In der Studentenwohnanlage mit 545 Wohnplätzen finden sich individuelle wie auch gemeinschaftsorientierte Wohnformen, Wohnungen für Rollstuhlfahrer und Gemeinschaftsräume. Garagen für Fahrräder und PKWs, ein Kindergarten – mit Bobbycar-Garage – und sehr beliebte Dachterrassen gehören zur Ausstattung des Projektes.
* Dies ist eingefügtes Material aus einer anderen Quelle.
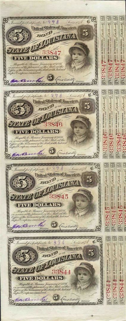 Uncut Sheet of (4) State of Louisiana Baby Bond Obsolete Notes

Die 18 Meter Grundstückstiefe werden voll ausgenutzt: die Zimmer auf der Ost- und Westseite sind jeweils ganz auf die Baugrenze geschoben. Daraus ergibt sich im Inneren des Sockelgebäudes eine über drei Geschosse offene Halle. Diese erschließt die Zimmer mit eigenen Badzellen und dient als sozialer Pufferraum: Sie fördert die Kommunikation, auch über die Geschosse hinweg. Die Hallen sind aber auch thermische Puffer, sie werden nicht auf die normale Zimmertemperatur geheizt, sondern haben minimal circa 16 Grad: die Zufuhr von Wärmeenergie erfolgt über Luft, die über einen hundert Meter langen, parallel zur der Tiefgarage verlaufenden Erdkanal vorgewärmt oder vorgekühlt wird. Zusammen mit der Brauchwassererwärmung über Solarkollektoren ergibt sich ein ökonomisch sinnvolles Energiekonzept. Die Zimmer werden über lokale Fernwärme beheizt, die über 70% mittels Kraft-Wärmekopplung gewonnen wird.